Interactive Queries

Improving query performance

In Customer Data Platform (CDP), the transactionsummary table contains the mastercustomerid and mastercustomerid2 attributes. For anonymous customer transactions, the mastercustomerid attribute is set to -1. If your dataset has higher number of anonymous customers and you try to join the transactionsummary and customersummary tables, your query performance is not optimum.

To improve the query performance, you must use mastercustomerid2 and not mastercustomerid. The mastercustomerid2 attribute is a copy of the mastercustomerid attribute. However, the value for mastercustomerid2 is NULL when mastercustomerid is -1 for anonymous transactions. You can use the mastercustomerid2 attribute on the transactionsummary table while using a FULL OUTER JOIN. In this case, your query returns results for anonymous transactions also.

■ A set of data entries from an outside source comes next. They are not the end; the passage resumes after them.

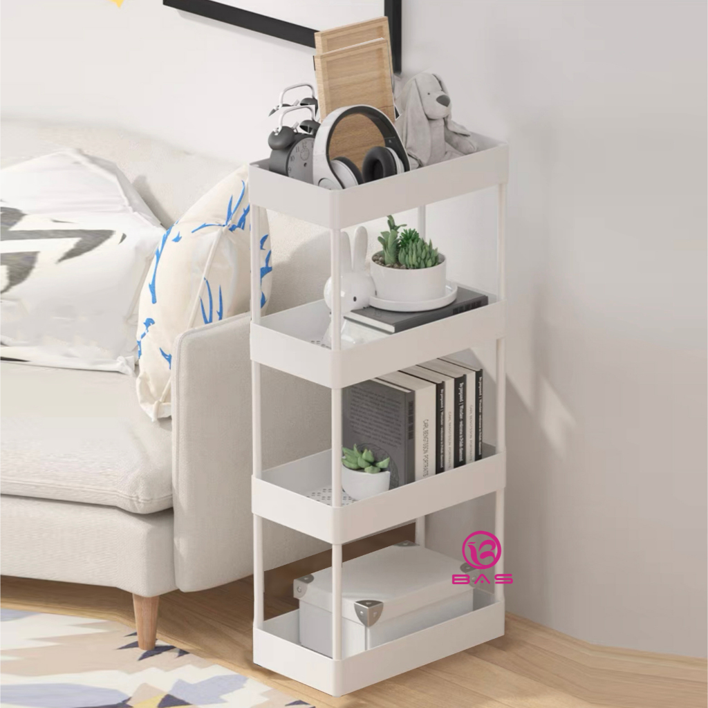 BAS square rak susun plastik rak dapur serbaguna rak toilet 4 layer tanpa roda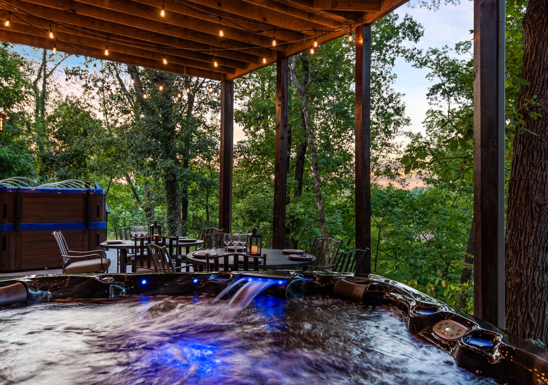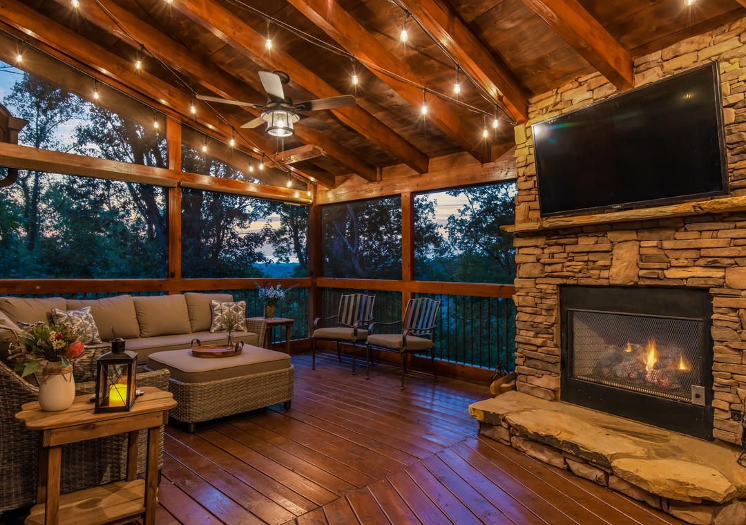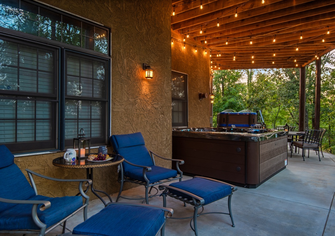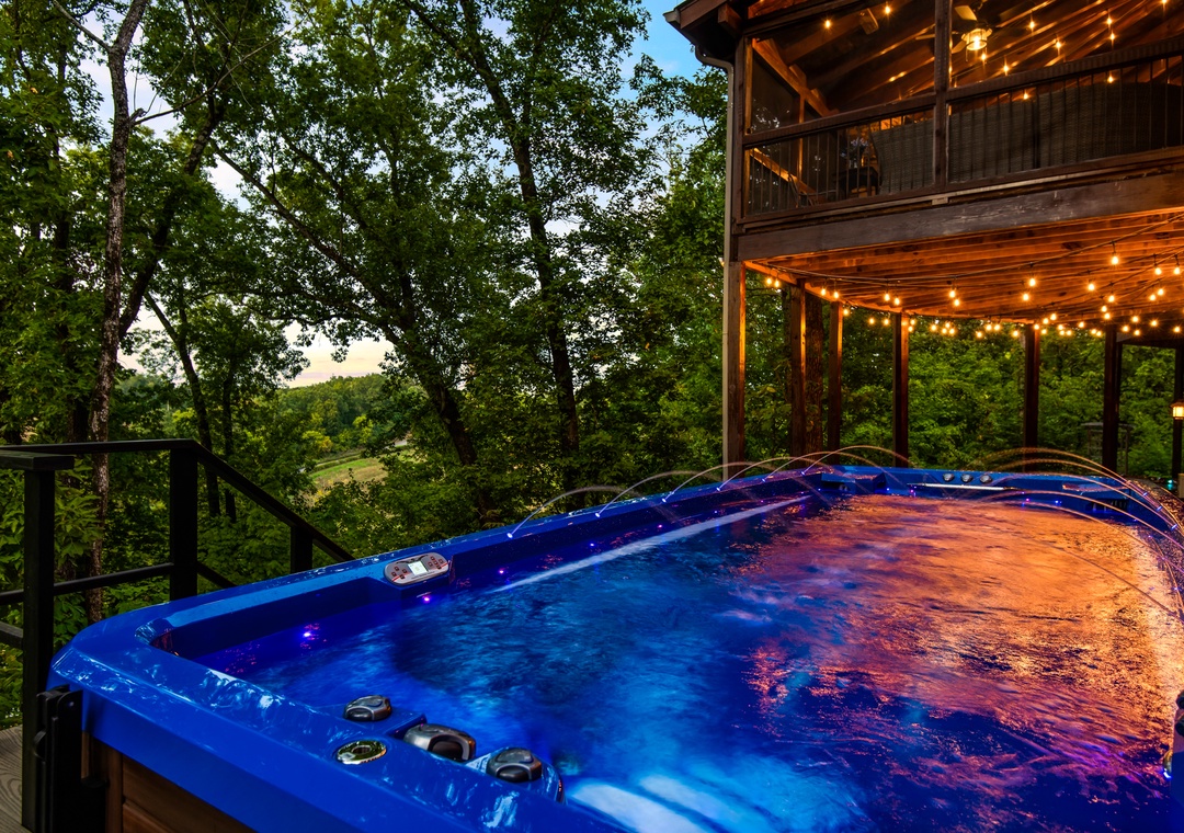 The back deck contains a huge 25 ft. screened in porch with wrap around couches, 6 person round dining table, and beautiful stacked stone gas fireplace with a TV over it. Surrounded by trees this is a wonderful place to watch the sunset as you spend time with family and friends. Or perhaps to enjoy drinking coffee in the morning while listening to and watching the birds jump from branch to branch. Also on this deck is a covered dining area with a table that seats 12 and a huge gas grill. What a great place to gather and enjoy one another. On the deck below is a beautiful 17 foot swim spa pool with many features. Surrounded by waterfalls and LED lighting this pool is simply stunning. You can be the early bird and enjoy doing your laps against the current before the day begins or take the kids for a group swim and enjoy the lazy river setting, water fountains, and LED light show. Or ….you might want to just relax with friends. It really offers something for everyone - year round. And, of course, you can lock it so the little ones can't get in without you. We all want your kids safe and enjoying the pool with parents to supervise. This deck also offers lounge chairs, a dining table, and a beautiful hot tub. Hanging LED lights make for a fun and relaxing atmosphere. This is a great place to spend time with friends and family.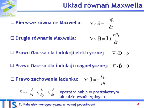 - I prawo Maxwella - z pierwszego równania Maxwella widać że zmienne pole magnetyczne jest źródłem zmiennego pola elektrycznego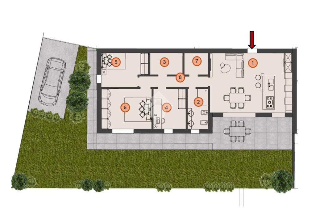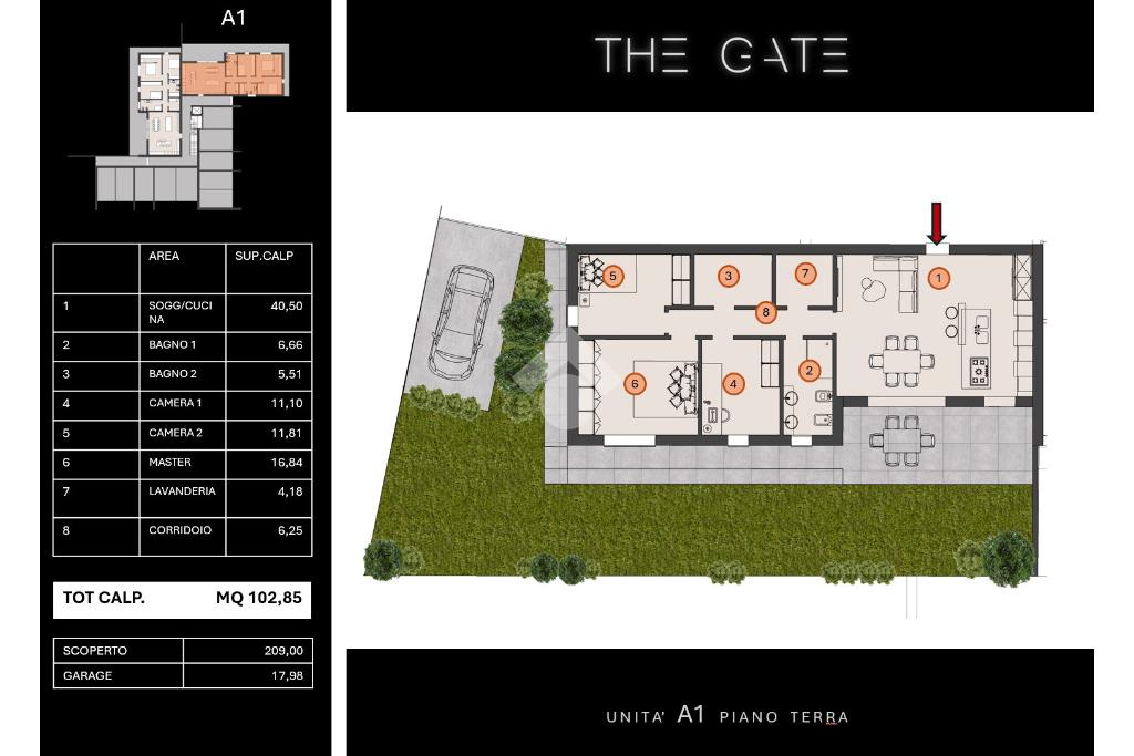 La soluzione proposta è un quadrilocale al pian terreno, caratterizzato da un’ampia zona living di 40 mq, tre camere da letto di cui la padronale di oltre 16 mq, due bagni ed un vano tecnico adibito a lavanderia.

To query anonymous transactions, you can use the mastercustomerid2 attribute. In this case, your WHERE clauses can include mastercustomerid2 = NULL and not mastercustomerid = "-1".

Sample SQL query

SELECT
   customersummary.gender AS "customersummary.gender",
   productsummary.brandname AS "productsummary.brand",
   COUNT(DISTINCT customersummary.mastercustomerid ) AS "all_individuals_count",
   COUNT(DISTINCT transactionsummary.mastercustomerid ) AS "buyer_count",
   COUNT(DISTINCT transactionsummary.transactionid ) AS "transaction_count",
   FROM customersummary AS customersummary
   FULL OUTER JOIN transactionsummary AS transactionsummary
      ON transactionsummary.mastercustomerid2 = customersummary.mastercustomerid
   LEFT JOIN productsummary AS productsummary
      ON transactionsummary.productid = productsummary.id
GROUP BY 1,2
ORDER BY 3 DESC
LIMIT 500